En primer lugar, Kirchner consiguió redondear una proeza histórica: unificar el campo. En la línea de nuestra historia, que zigzaguea borracha desde antes de la independencia, el espacio urbano y el rural estuvieron escindidos. Sarmiento y la mayoría de sus contemporáneos consideraban que en el campo prevalecía la barbarie y en las ciudades la civilización. Civilización hunde sus raíces etimológicas en la palabra ciudad. Pero Sarmiento tuvo el genio de asociar los dos elementos con la letra copulativa “y”, no “o”. En la Argentina tenemos ambas, la civilización “y” la barbarie. Ambas funcionan en la ciudad y el campo, últimamente más en la ciudad.
A partir del giro que dio nuestro país en 1853, dejando atrás el lastre de la etapa autoritaria y oscurantista colonial, que ignoraba la agricultura, la democracia y no tendió un solo kilómetro de vía férrea, que sólo manejaba saladeros y sufría un 90 por ciento de analfabetismo, avanzamos a los tumbos por la línea del progreso hasta convertirnos en el país mejor integrado y más culto de América latina. Por si fuera poco –o tal vez a causa de ese ingrediente axial–, nos convertimos en el granero del mundo, estuvimos entre las naciones más opulentas del globo y nuestros salarios superaban los de Francia.
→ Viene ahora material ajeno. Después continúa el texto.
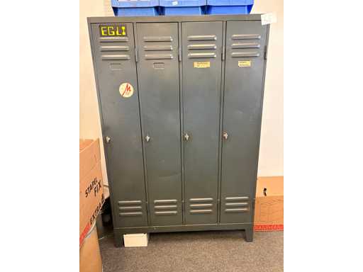 4 Abteile, jeweils mit Tür, Belüftungsschlitzen und Schloss
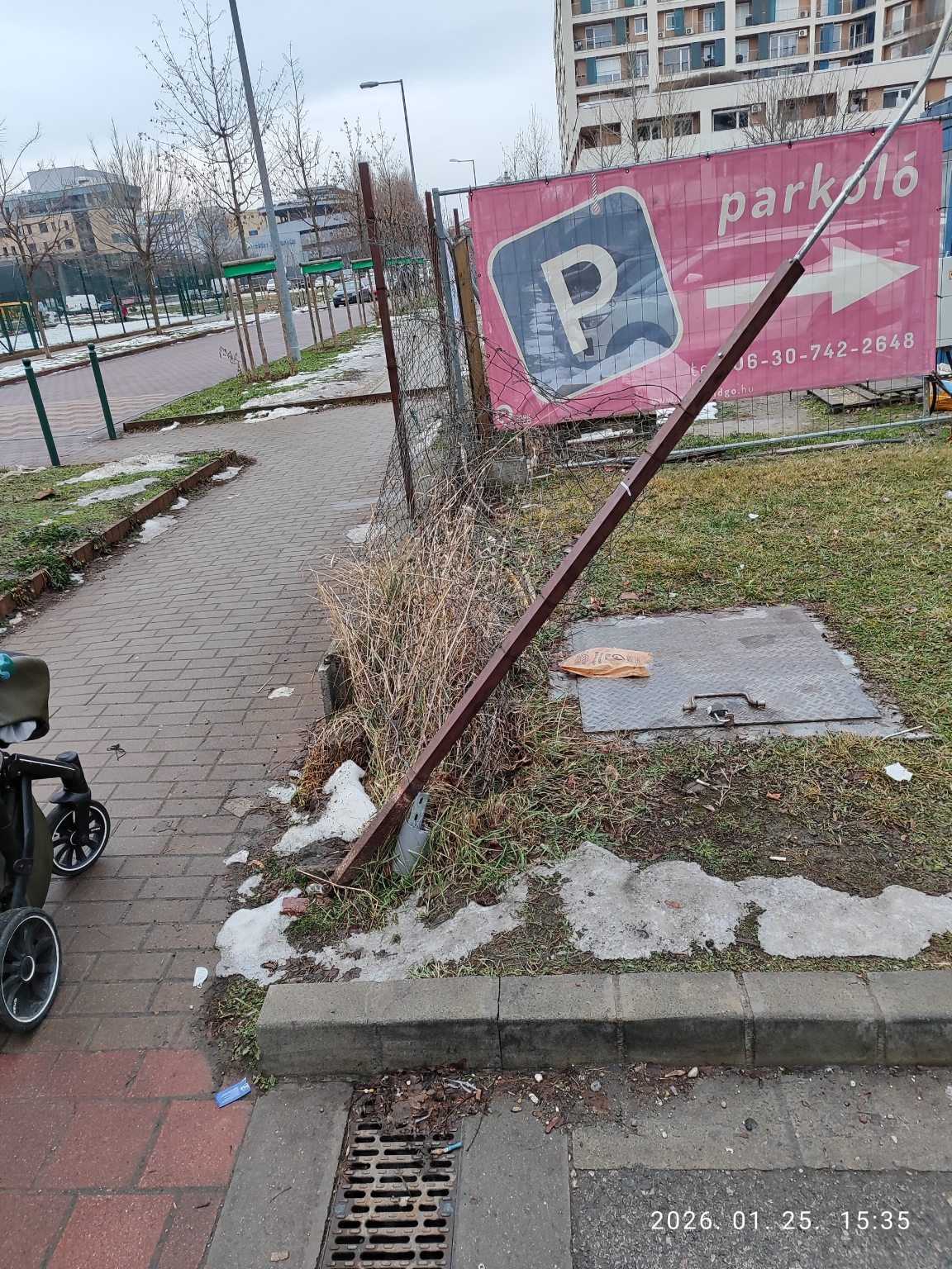 A kerítés rá van dőlve a járdára
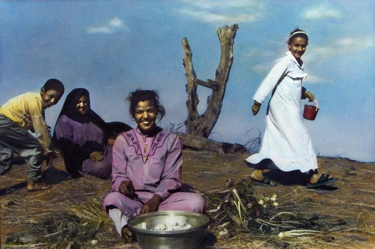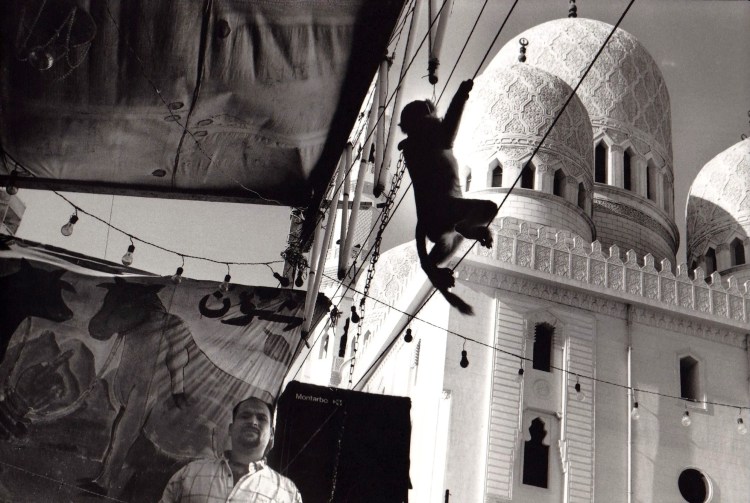 “I have no memories of Cairo”, says Armenian-French-Egyptian Boyadjian, “I lived in Paris 15th and received a very Parisian education. Even if at my parent’s home one spoke all the eastern languages playing tric-trac.” And, while she was exposed to her father working in Paris, she was not educated by her father in shooting photographs or how to work in a laboratory. Angelo Boyadjian, a studio photographer who exhibited in Cairo in the 1940’s was not the main inspiration on his daughter. “My education as a photographer was done in the discovery of Henri Cartier-Bresson, Robert Frank, Koudelka, Ara Guler that my father ignored because as a studio photographer these kinds of photographs did not interest him”, she says. That said, Boyadjian whose mother is French and whose father is Armenian from Egypt, has been influenced by her heritage in Egypt and Armenia and she has created several series of images that photograph both locations. Boyadjian has made a deliberate choice to focus on these places in her work and was persuaded to visit by her partner Daniel Juré and even exhibited in Alexandria at the French Cultural Center in 1994, during which time the artist stayed for a month and explains she really fell in love with Egypt. She describes the manifestation of these photographs as “a plastic encounter, a material, projected shadows.” She also acknowledges that the Eastern home that she thought was hers was not found in either Cairo or Armenia. “The Armenia I met was totally Russian”, she exclaims, “Russian was during all the Soviet period the first language of the Armenian people! So it was not the country that I had been told.” Her birthplace of Cairo did not provide a sense of home either, which she describes as “an unbreathable hellish megalopolis”, a place she says is unrecognizable now compared to the “paradisiacal” Azbakeya gardens she visited in the 1980s. Instead, it was in Alexandria where Boyadjian credits finding her “cosmopolitan Eastern ideal.” Across Boyadjian’s Egyptian works one can see modern buildings as a backdrop to farm animals, women standing by the Nile, camels at sunset and vendors selling food on the street. The work has a focus on tradition and history as opposed to the rapid modernity sweeping the country.
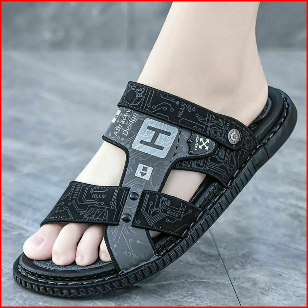 Sandal Kulit Sintetis Pria Premium Eg01322 Sol Anti Slip Dan Anti Licin Casual Kekinian Terbaru
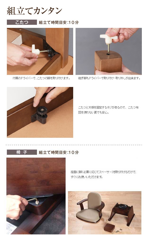 材質:こたつ天板-天然木化粧繊維板(ウォールナット)、椅子フレーム-天然木(ラバーウッド)、布団表地-しじら/綿100%、レンガ・ベージュ/ポリエステル100%(撥水フランネル)
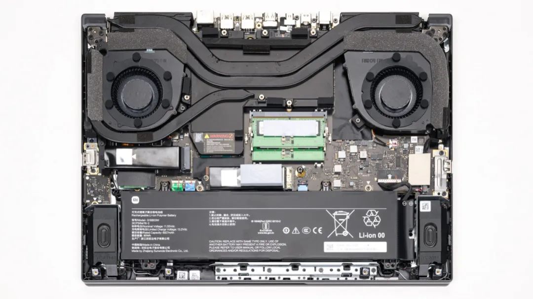 上图是红米Redmi G Pro的拆机实拍图,3热管双风扇加VC均热板的组合,其中CPU采用液金导热,相比上一代Redmi G Pro在规格上有很大提升。
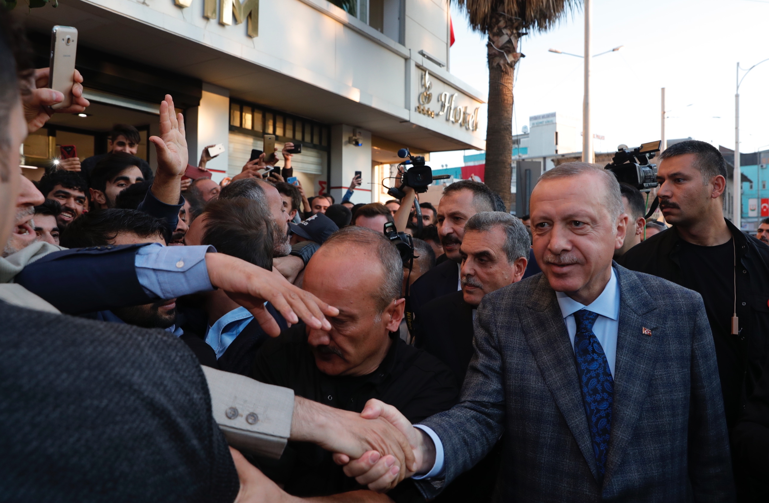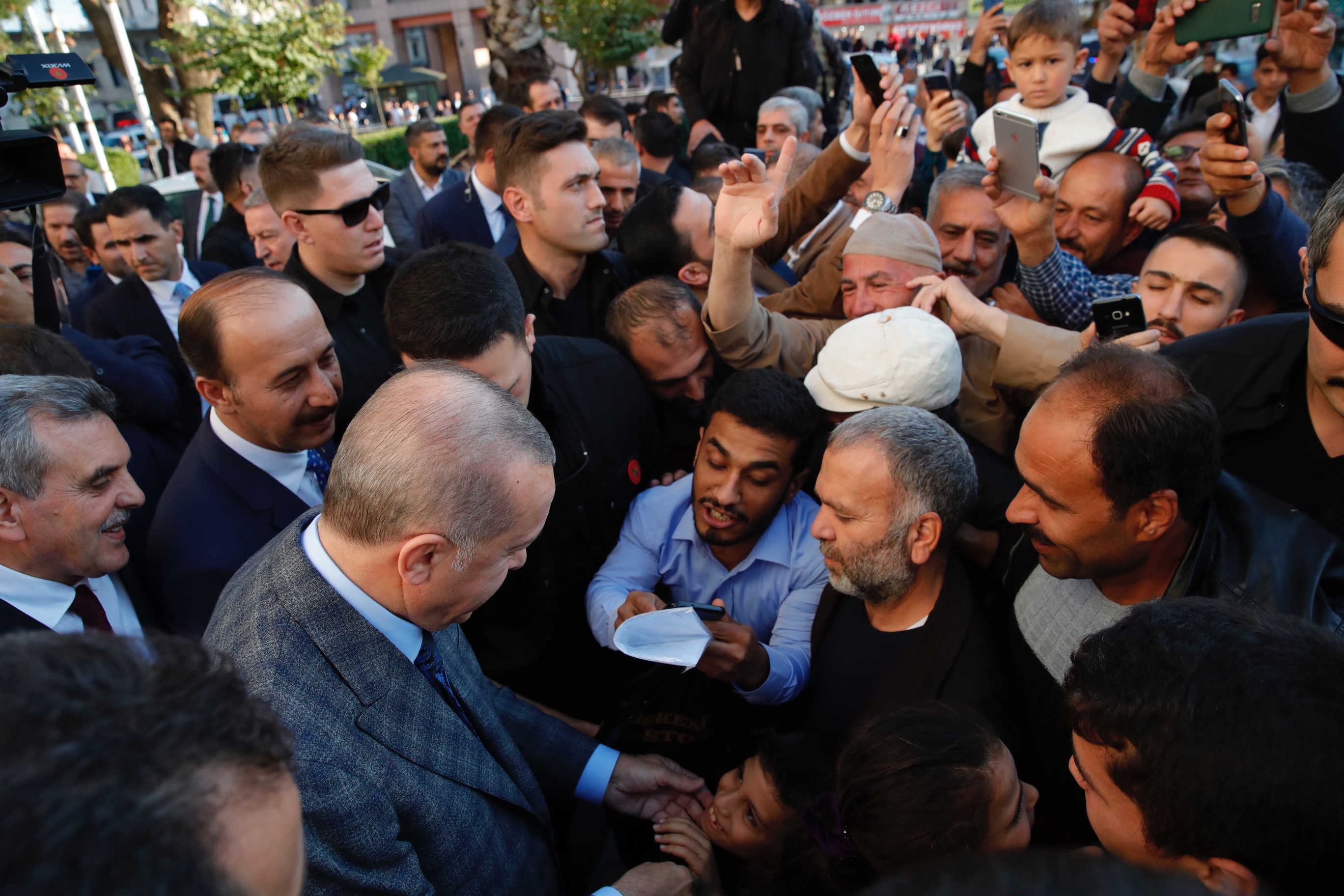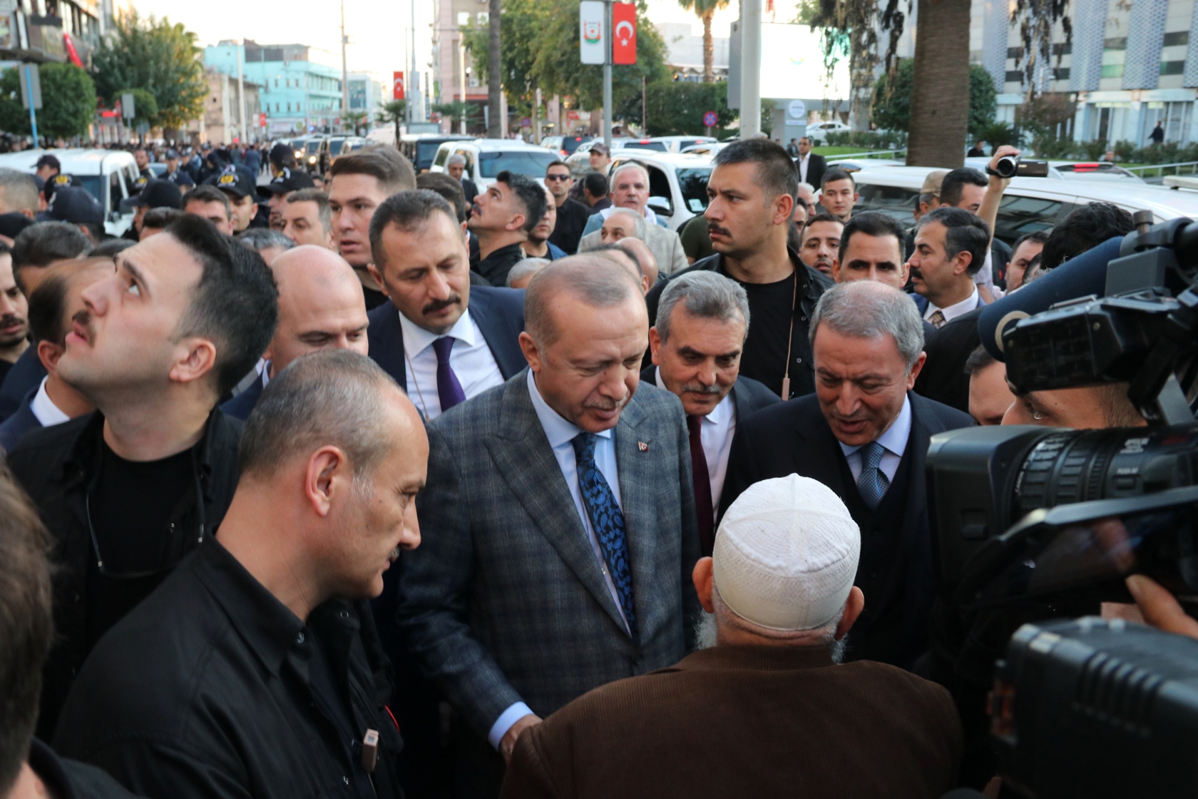 Çıkışta ise belediye binası çevresinde toplanan vatandaşların yanına giderek sohbet eden Erdoğan, kent merkezinde bir süre yürüyüş yaptı.
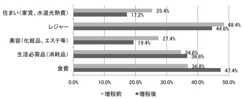 一方、生活必需品(消耗品)と食費については、増税前の調査結果よりも減らしたと回答している割合が増加しています。
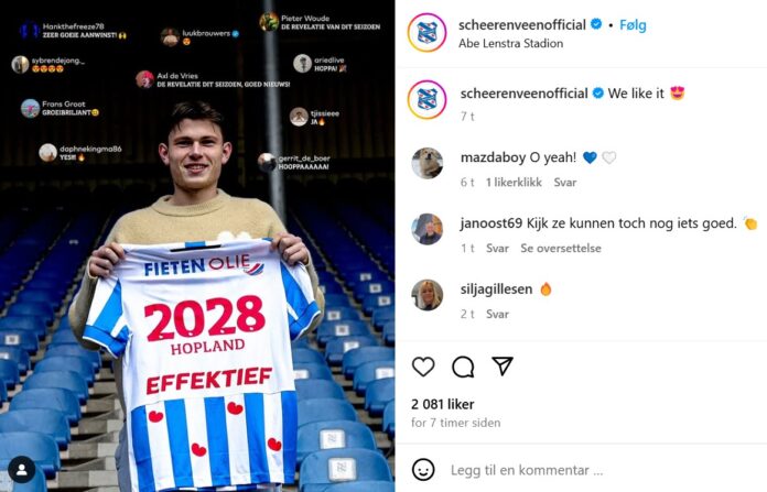 Nikolai Hopland (20) gjør oppholdet i Heerenveen permanent etter å ha vært lånt ut til den nederlandske klubben siden september.
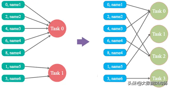 优势: 不影响原有的并行度设计。如果改变并行度,后续Stage的并行度也会默认改变,可能会影响后续Stage。
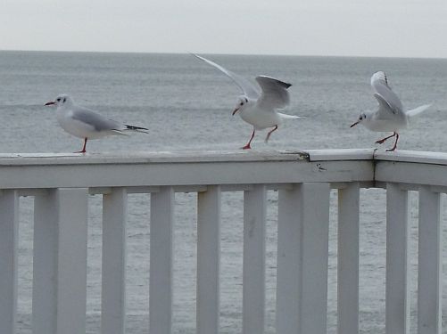 Natürlich sind die äußeren Plätze schon besetzt, aber wir finden eine Lücke mit Blick aufs Wasser.
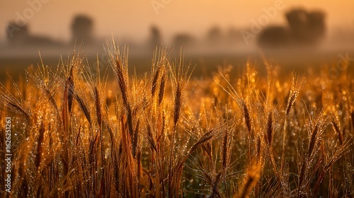 Obraz premium Golden Wheat Field at Sunrise with Dew Drops
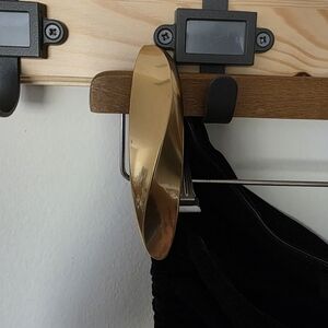 This stunning black dress features elegant gold accents, perfect for any special occasion. Its sleek design offers a sophisticated look.
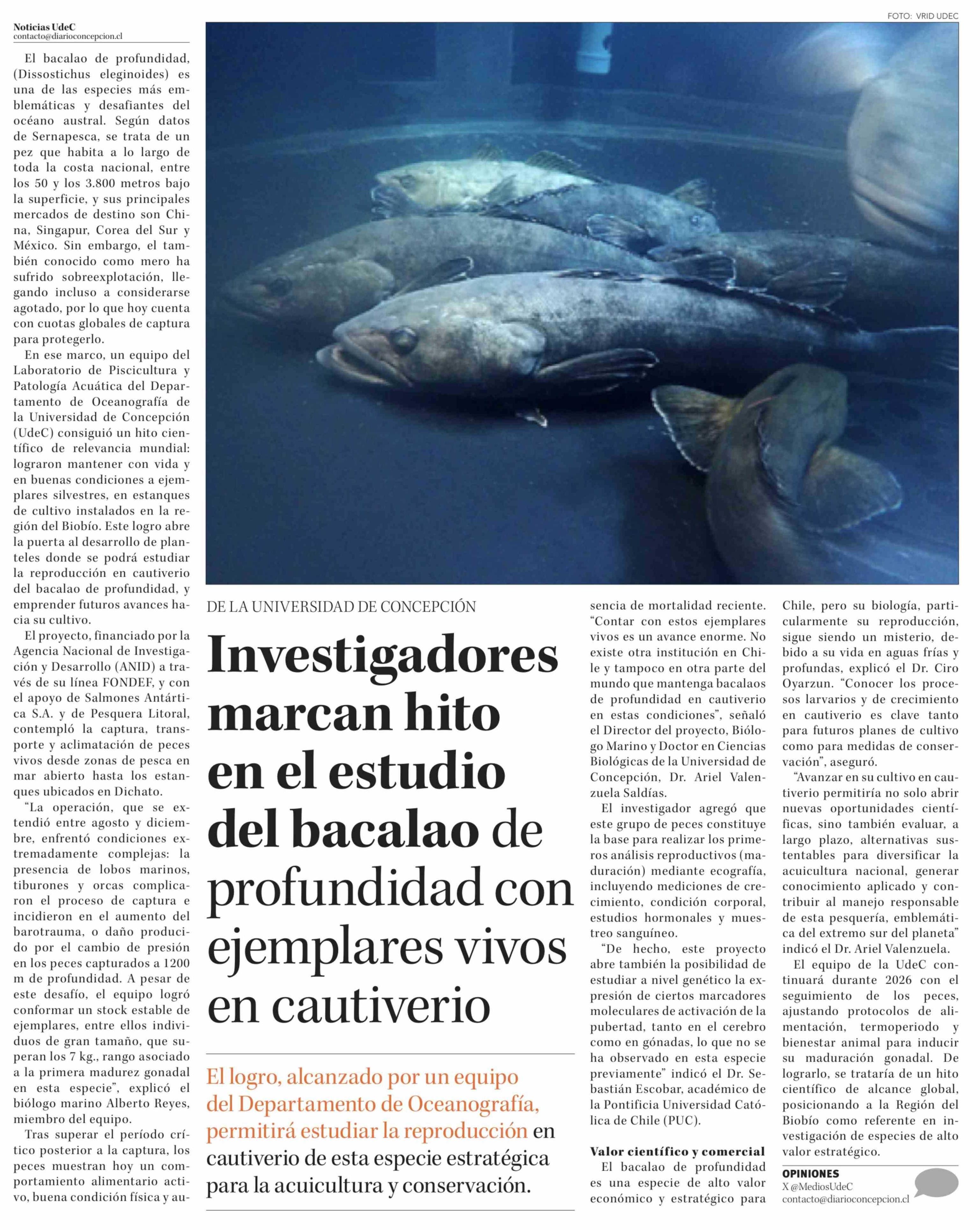 Investigadores marcan hito en el estudio del bacalao de profundidad con ejemplares vivos en cautiverio
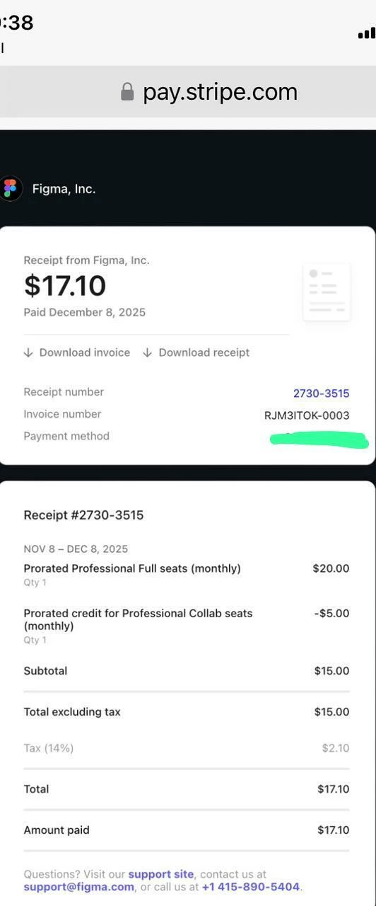 figma has took from 17 usd today, and when i open my account it tells me that my "education account has expired, please upgrade" even though i just got paid 17 usd, the attachment shows even more to the issue
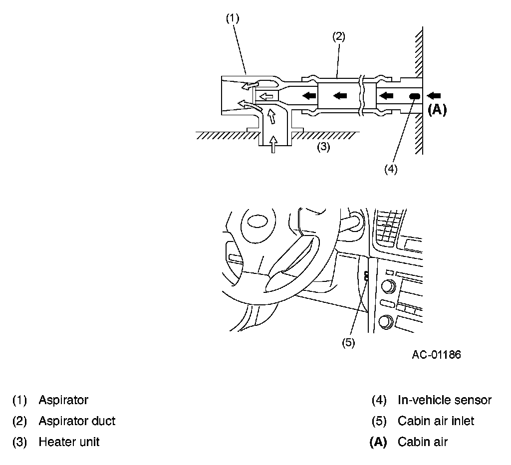 This sensor consists of an aspirator and a thermistor, the resistance of which changes in inverse proportion to the temperature. The aspirator operates by a vacuum generated in the heater unit (only when the blower unit is turned on).
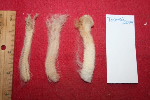 This is a very, very soft fleece. The locks are small at the shoulder, more bulky towards the rump. It has uniform staple length and the crimp is fine and clear.

La pampa húmeda –que riega Dios– parecería que recién empezó a recibir agua en 1853. Otra pampa húmeda equivalente, también regada por Dios, no pudo jamás ser granero del mundo, ni siquiera de sus propios habitantes: Ucrania. Mientras la Argentina exportaba gracias a la seguridad jurídica en aumento, Ucrania padecía la autocracia zarista y luego se quemó en hambrunas que segaron millones de vidas por la ilusión planificadora y arrogante de los bolcheviques.
El campo se volvió complejo en el siglo XX. Del arado de madera arrastrado por un buey o un matungo cansado, se pasó a la tecnología, la genética y la informática. La producción cárnea fue acompañada por la cerealera, granífera, láctea, aceitera, frutícola. Nacieron las originales y enérgicas cooperativas agrarias. Los productores se fueron reuniendo en torno de cuatro grandes entidades representativas. Pero entre ellas latía la desconfianza, algunas prevenciones y muchos prejuicios, porque cada una se esmeraba en defender de la mejor forma los intereses de sus asociados. Incrementaron sus vínculos con la modernidad y se entrelazaron con los polos urbanos, al extremo de que ya no es fácil separar cuáles son los genuinos intereses rurales y cuáles los de la ciudad. Las cuatro entidades se manejaban en forma separada, con pocas líneas de comunicación.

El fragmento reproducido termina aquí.